Reproduce everything from the line that contains "Today the famous" down to the line that contains "K dnešní akci" in the listing below, word for word and nothing more. Leave the pictures out.

→ **Listed records**:
----

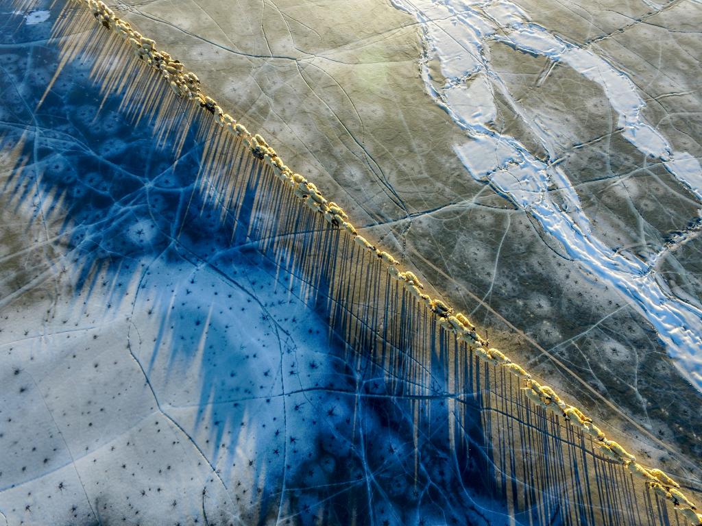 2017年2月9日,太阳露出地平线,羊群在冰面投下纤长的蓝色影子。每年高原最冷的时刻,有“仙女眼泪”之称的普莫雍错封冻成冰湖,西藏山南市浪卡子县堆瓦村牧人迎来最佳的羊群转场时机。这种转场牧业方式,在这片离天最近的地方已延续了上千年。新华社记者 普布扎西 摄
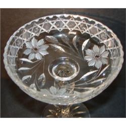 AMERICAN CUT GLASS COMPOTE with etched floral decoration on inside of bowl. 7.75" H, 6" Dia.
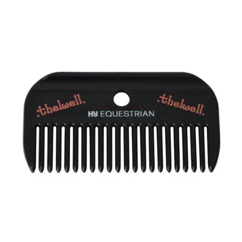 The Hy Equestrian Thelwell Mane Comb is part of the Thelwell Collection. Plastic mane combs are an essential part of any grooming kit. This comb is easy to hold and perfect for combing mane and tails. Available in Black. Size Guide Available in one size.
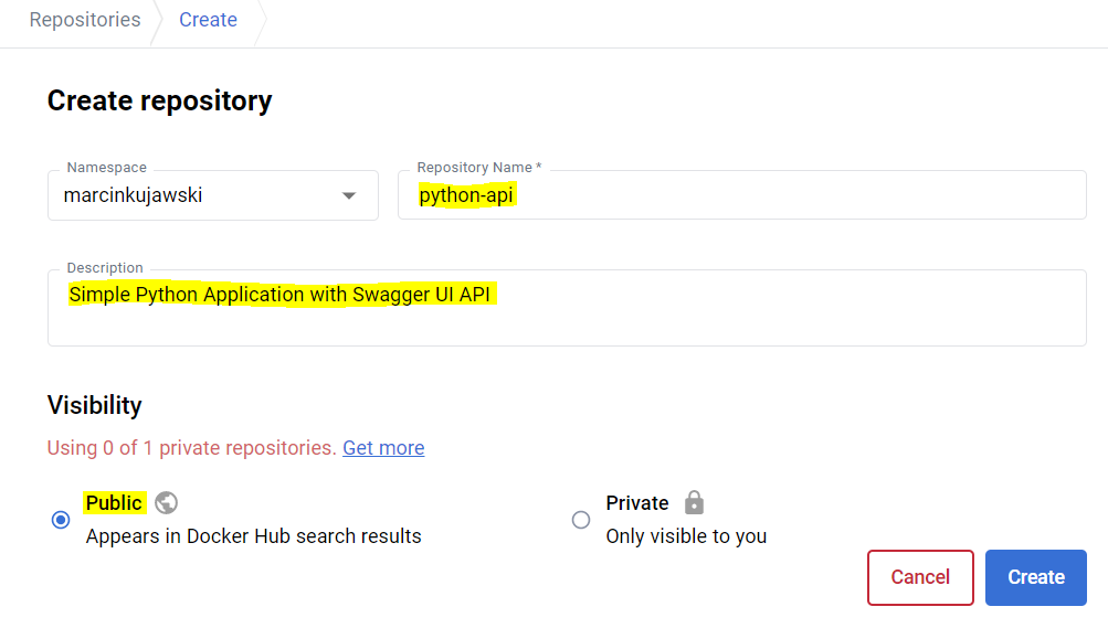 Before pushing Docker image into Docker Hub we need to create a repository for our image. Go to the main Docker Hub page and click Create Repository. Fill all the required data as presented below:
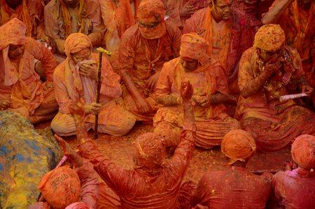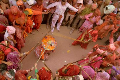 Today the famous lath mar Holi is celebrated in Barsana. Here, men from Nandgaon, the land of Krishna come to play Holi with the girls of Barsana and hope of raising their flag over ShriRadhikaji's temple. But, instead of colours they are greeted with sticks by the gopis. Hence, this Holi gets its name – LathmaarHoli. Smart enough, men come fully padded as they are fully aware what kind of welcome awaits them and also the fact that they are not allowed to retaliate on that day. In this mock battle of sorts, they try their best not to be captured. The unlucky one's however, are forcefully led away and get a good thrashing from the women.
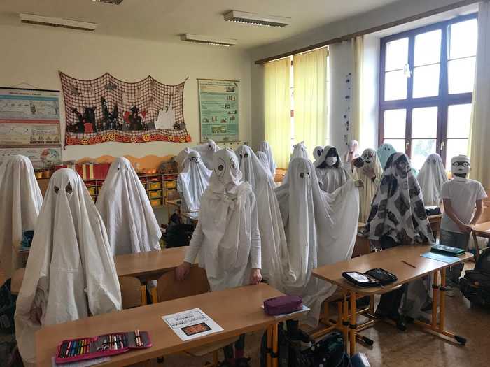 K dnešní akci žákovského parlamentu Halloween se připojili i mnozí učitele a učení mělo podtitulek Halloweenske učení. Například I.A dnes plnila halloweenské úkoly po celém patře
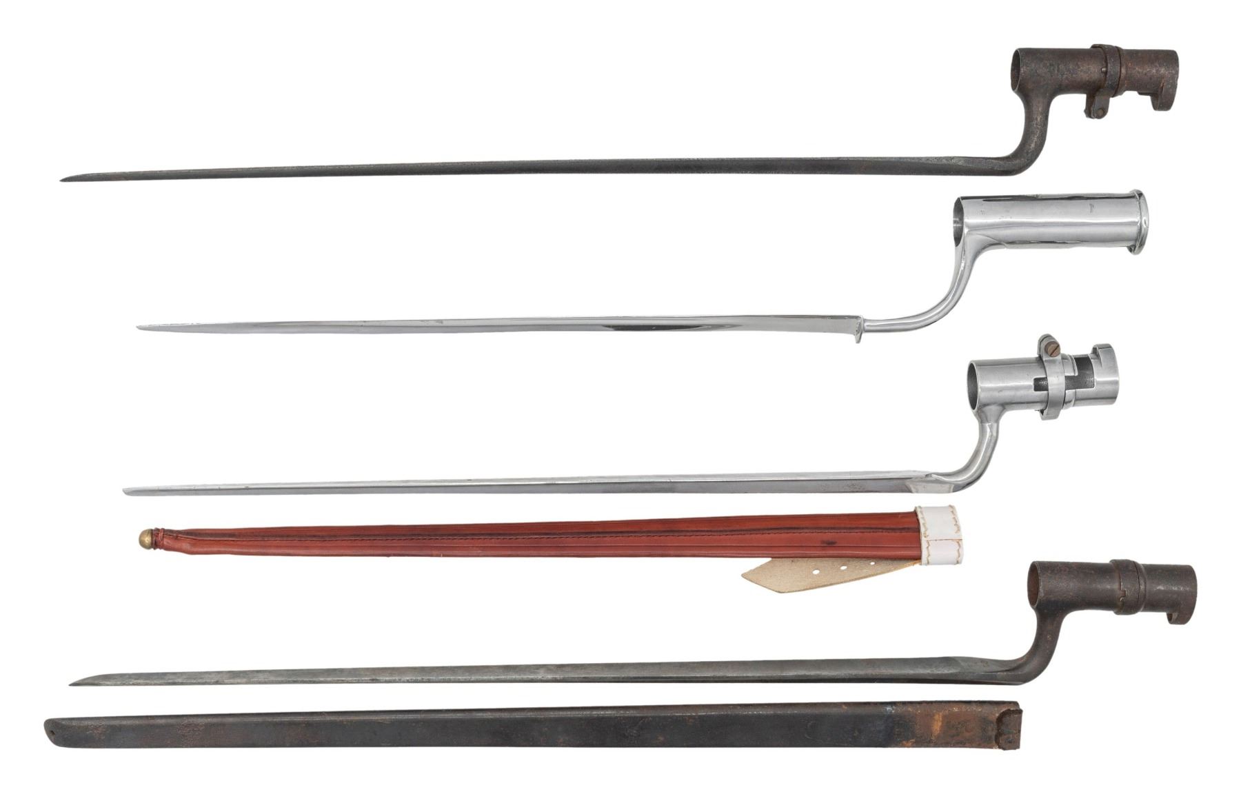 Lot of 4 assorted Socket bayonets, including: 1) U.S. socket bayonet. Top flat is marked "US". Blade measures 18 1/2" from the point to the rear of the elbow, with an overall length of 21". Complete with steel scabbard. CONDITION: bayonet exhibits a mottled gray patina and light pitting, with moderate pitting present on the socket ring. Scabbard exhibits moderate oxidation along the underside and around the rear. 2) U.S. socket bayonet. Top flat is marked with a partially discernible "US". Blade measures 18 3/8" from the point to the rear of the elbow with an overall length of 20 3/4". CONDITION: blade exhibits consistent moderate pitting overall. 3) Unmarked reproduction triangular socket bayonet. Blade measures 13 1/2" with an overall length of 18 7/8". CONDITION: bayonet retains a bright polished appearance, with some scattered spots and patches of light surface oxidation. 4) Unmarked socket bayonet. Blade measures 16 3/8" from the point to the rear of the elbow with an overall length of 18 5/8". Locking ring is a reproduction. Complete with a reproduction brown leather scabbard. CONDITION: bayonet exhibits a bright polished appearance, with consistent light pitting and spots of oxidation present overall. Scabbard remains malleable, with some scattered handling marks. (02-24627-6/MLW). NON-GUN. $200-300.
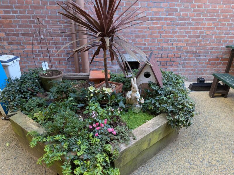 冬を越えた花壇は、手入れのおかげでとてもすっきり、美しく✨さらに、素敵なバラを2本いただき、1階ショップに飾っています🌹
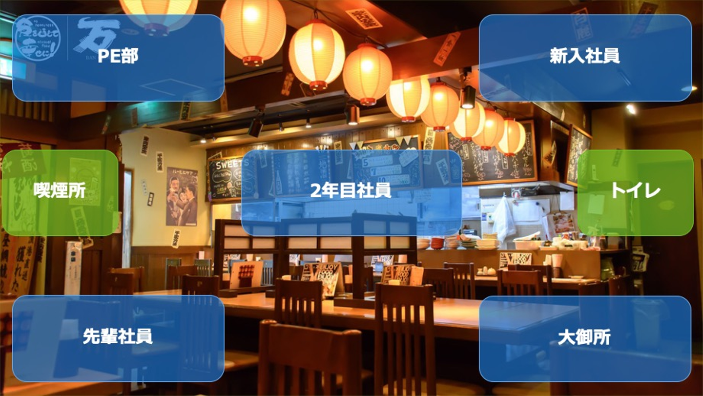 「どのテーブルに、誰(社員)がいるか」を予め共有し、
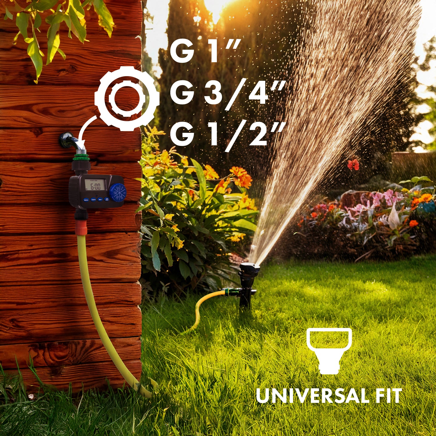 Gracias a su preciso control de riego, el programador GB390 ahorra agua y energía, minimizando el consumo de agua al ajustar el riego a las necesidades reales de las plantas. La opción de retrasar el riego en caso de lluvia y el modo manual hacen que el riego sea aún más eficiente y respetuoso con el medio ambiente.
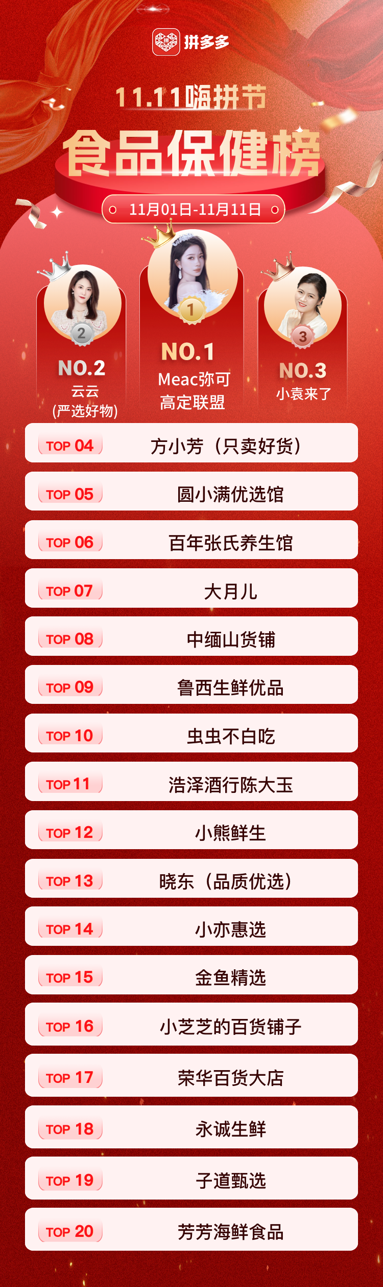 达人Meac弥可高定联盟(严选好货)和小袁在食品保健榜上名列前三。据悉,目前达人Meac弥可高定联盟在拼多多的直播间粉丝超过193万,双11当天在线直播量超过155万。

----

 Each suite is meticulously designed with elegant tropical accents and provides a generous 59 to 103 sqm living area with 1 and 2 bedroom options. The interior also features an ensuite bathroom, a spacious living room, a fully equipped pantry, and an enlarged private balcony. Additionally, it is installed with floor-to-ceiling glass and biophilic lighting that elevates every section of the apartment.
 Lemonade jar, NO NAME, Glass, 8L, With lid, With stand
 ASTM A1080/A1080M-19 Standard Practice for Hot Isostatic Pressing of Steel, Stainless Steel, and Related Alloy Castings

----

→ **Solution to this problem**:
 Today the famous lath mar Holi is celebrated in Barsana. Here, men from Nandgaon, the land of Krishna come to play Holi with the girls of Barsana and hope of raising their flag over ShriRadhikaji's temple. But, instead of colours they are greeted with sticks by the gopis. Hence, this Holi gets its name – LathmaarHoli. Smart enough, men come fully padded as they are fully aware what kind of welcome awaits them and also the fact that they are not allowed to retaliate on that day. In this mock battle of sorts, they try their best not to be captured. The unlucky one's however, are forcefully led away and get a good thrashing from the women.
 K dnešní akci žákovského parlamentu Halloween se připojili i mnozí učitele a učení mělo podtitulek Halloweenske učení. Například I.A dnes plnila halloweenské úkoly po celém patře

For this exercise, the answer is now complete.